I had that Dream only once, but it was certainly strong enough that the Dream was never far from my thoughts. I didn’t make the connection from the Dream to my mother’s death until years later when I recited the dream to Vic Abernathy, my dearest friend in the world.
Though I don’t remember my mother very well, I still remember the day she died as clear as if it had happened yesterday. I was sitting in my second-grade class doing my math when I suddenly began to feel very agitated. I couldn’t concentrate and just kept tapping my foot, my pencil, my fingers, basically anything I could tap until class was over.
At recess a girl I knew who was not a friend to me made the mistake of deciding to make fun of me that day, I don’t really even remember what she said to me. Her name was Xena Louise Anderson and she was notorious for her tact. Normally I wouldn’t care but on that day I was in no mood to be messed around with. I attacked her, fighting with the skills I had learned by fighting with the older boys. And after a teacher pulled me off her I ran. I ran all the way home. As I stepped in through the door I began calling for my mother, but no voice came to greet me.
The thought of the Dream hit me with so much force then I actually forgot I was awake and began roaming the house as if in a trance. I felt as if I were being lured to the attic, my mother’s sanctuary; a place I seldom went. There are no words I can think of to describe the feeling that crept through my body as I ascended those stairs. I think I knew the moment I reached the attic landing that my mother was dead. Even before I saw the blood. Even before I saw the body lying on the couch she kept up there for her to sit and read her many books. She was dressed in her long white nightgown, her long hair, which she usually wore up in a bun was loose and framed her pretty face. Her right arm hung off the couch, blood dripping from her wrist into the puddle that was slowly spreading around her; a wilting rose lay in the pool of blood. Thankfully, her eyes were closed.
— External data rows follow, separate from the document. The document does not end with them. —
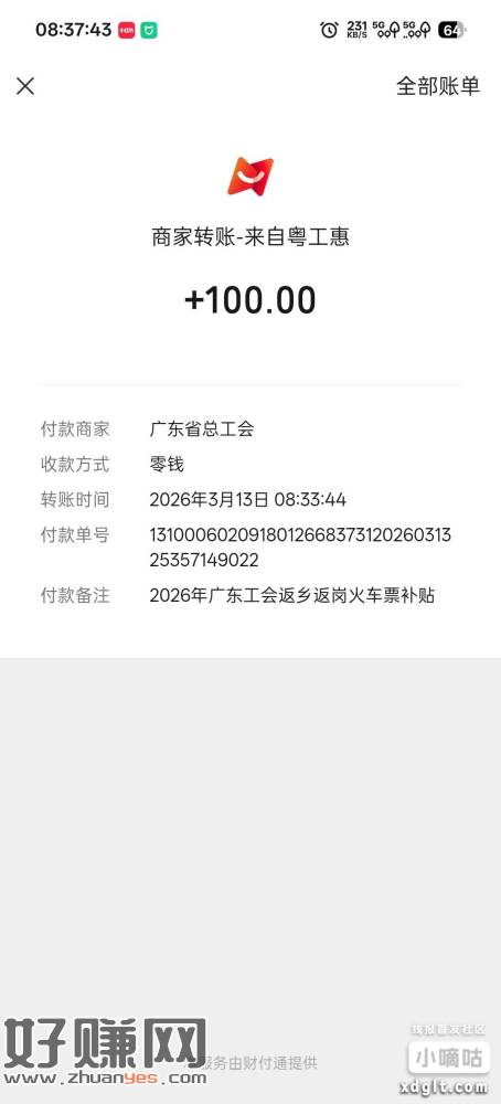 粤工惠100元居然到账了,说9号发,等了一天没发,没抱希望了,今天发来通知,说到账了,哈哈。直接到零钱,是转账的,哈哈。感谢广东总工会。
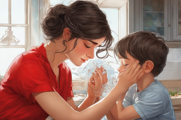 - "Мам, ты меня больше не любишь?" - спросил маленький Макс, смотря на свою маму, Лизу, с большими глазами, полными надежды. Лиза взяла Макса на руки и погладила его по волосам. Ей было больно видеть, как её малыш страдает от её и её мужа отдаленности. Лиза (грустно): - Конечно же, я люблю тебя, Макс. Никакие проблемы между мамой и папой не могут изменить мою любовь к тебе.
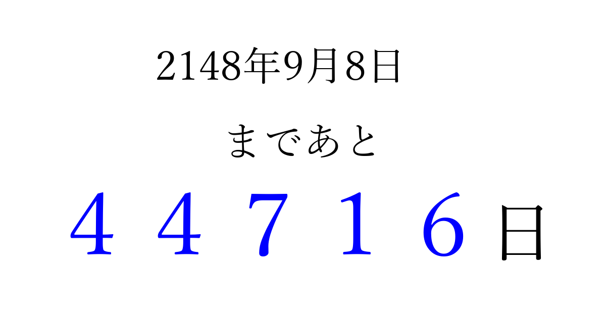 2148年9月8日(日)まで あと 99999 日です 追加すると、トップページからすぐ選べるようになります ※2026/04/05現在の結果です。 最新の状態に更新する ↓シェアして、タイムライン上にカウントダウンを表示しよう!↓ 📤 この結果を共有する Tweet シェア Threads Bluesky 別の日付でカウントダウン 2148年9月のカレンダー このページをブックマークに追加すると、いつでもカウントダウンを確認できます。 (PC: Ctrl+D / Mac: ⌘+D) hitome-notes.comでは以下のページも運営しています。 指定日と期間から日付を計算 | ガチャ確率計算・シミュレーション | プライバシー・ポリシー 運営者:Avocado
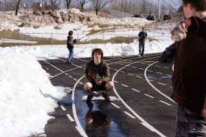 Edward Little High School students Matt Thomas, left, and Brian Crane, right, toss a baseball on the school track Tuesday afternoon. Thomas and Crane said they were enjoying the sun and loosening up with a baseball before tryouts in April.
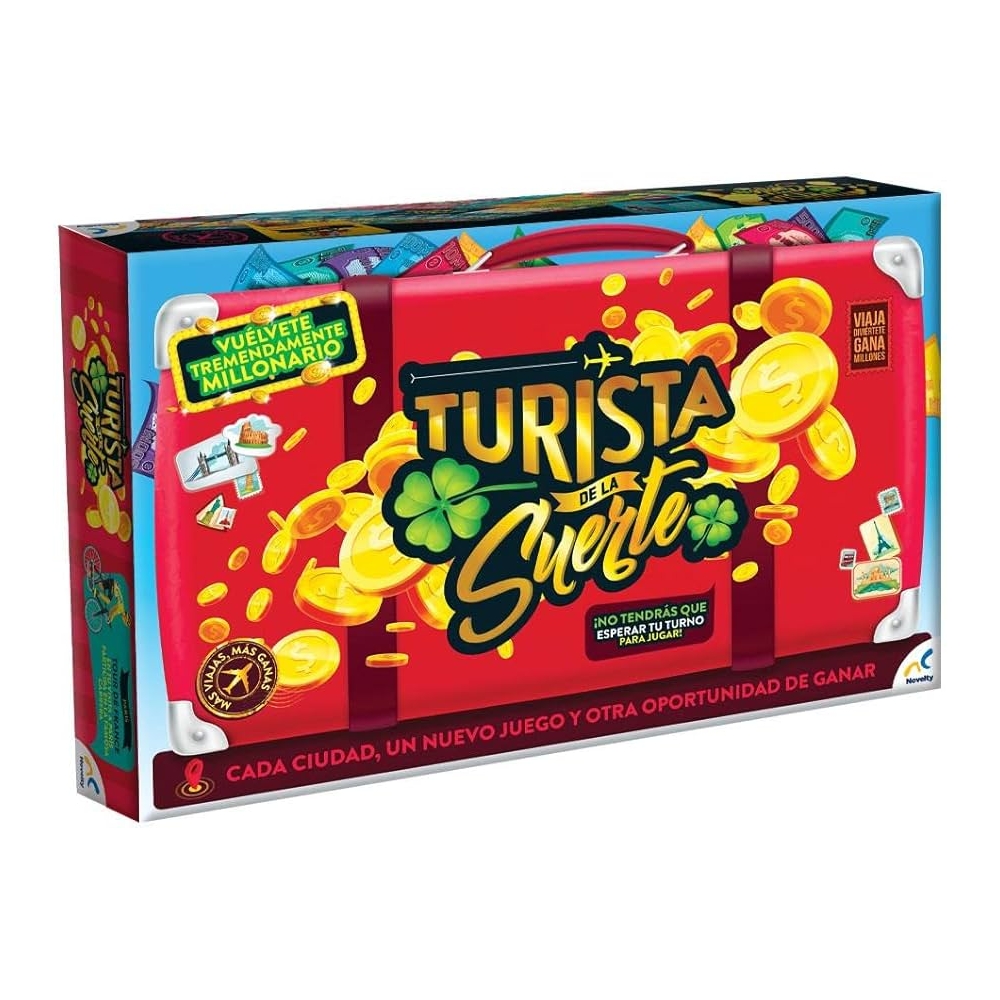 Turista de la suerte, divertido juego de mesa familiar, vuélvete tremendamente millonario viajando por distintas ciudades, pero no tendrás que esperar tu turno para seguir jugando ya cada una de las casillas tiene apuestas y competencias en las que todos podrán participar y tener la oportunidad de ganar mas millones. ideal para pasar horas de diversión. contenido tablero, 6 peones, billetes y fichas para apuestas.

I stood there staring at her for what seemed like eternity, time lost all meaning when I was in that room. I didn’t move, I didn’t blink, I didn’t breathe. I stood there until the police came and took me back down to my father. Apparently he had gotten there long before I had and had called the police and such, and then left. My father hadn’t handled my mother’s death very well.
xXxXx
For me it began with the Dream, for it was to haunt me for the rest of the year—and, perhaps, the rest of my life—but for the others, say Vic, Jimmy, and Sarah, it began with the party. And as for Bobby, well, I never quite knew what that boy had tucked up his sleeve. And even now I wonder where it began for him.